The Duellists (1977)
Director: Ridley Scott

Reviewed by Roderick Heath

Sir Ridley Scott today stands at the forefront of popular cinema with a raft of famous films and also a slew of failures. Scott rode at the vanguard of a generation of British film-makers who stressed a powerful visual style, some trained in television and advertising, many of whom found varying degrees of success in Hollywood. Scott and others owed their chance to impresario producer David Puttnam, who led an ill-fated but impressive campaign by British cinema to reconstitute itself as a global force after a collapse in the early '70s. The Duellists, an opening shot in the campaign, was a Cannes Camera D’Or winner and gained Scott enough attention to land him the job of directing Alien.

For me, his masterpiece is still his debut. As in his best works, it concentrates on a fierce conflict (a common theme, in variations, with Alien, Blade Runner, 1492: The Conquest of Paradise, Thelma and Louise, Gladiator, Black Hawk Down, and Kingdom of Heaven). It is obviously influenced by Stanley Kubrick’s Barry Lyndon in evoking with the texture of still life and landscape paintings of the eighteenth century, and by turning a swashbuckling story inside out by its cool style to become a study in irony. Yet it is its own film and possibly a superior one. At first glance, The Duellists seems disjointed, episodic. We see two men encounter each other at various points in the 15-year campaign across Europe by Napoleon's Grande Army. The film's "chapters," identified by locale and date, convey a sense of the toll of war as friends and faces appear, make their indelible impression, and are lost and forgotten. In this way, The Duellists manages at once to maintain the precision of a short story but also evoke a novel’s expanse.
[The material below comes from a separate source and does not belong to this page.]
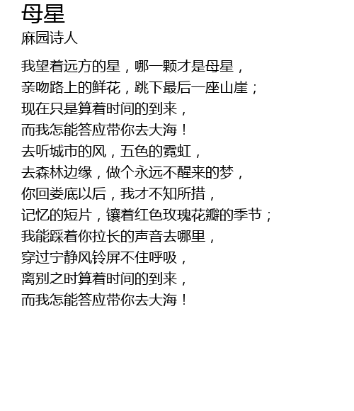 | wǒ wàng zhe yuǎn fāng de xīng, nǎ yī kē cái shì mǔ xīng, | |

The narrative, adapted from a Joseph Conrad tale drawn from an apparently true account, begins in Strasbourg in 1800, “the year Napoleon Bonaparte became ruler of France” as Stacy Keach’s narration puts it. Gabriel Feraud (Harvey Keitel, in one of his habitually terrific performances in unexpected parts), a lieutenant in the 7th Hussars, happily skewers the nephew of the town’s mayor in a duel because the man insulted Bonaparte. The formidable General Treillard (Robert Stephens, the first in the film’s pitch-perfect character turns), enraged, orders D’Hubert, a talented young lieutenant (Keith Carradine, whose spindly charm is odd but effective), to find Feraud and place him under house arrest. He finds Feraud at the salon of Madame de Lionne (Jenny Runacre). On their way to Feraud’s billet, D’Hubert trips verbally over Feraud’s fuming, until Feraud directs his rage at D’Hubert and demands satisfaction. Their duel is interrupted when D’Hubert slashes Feraud’s arm, causing Feraud’s mistress (Gay Hamilton) to assault him.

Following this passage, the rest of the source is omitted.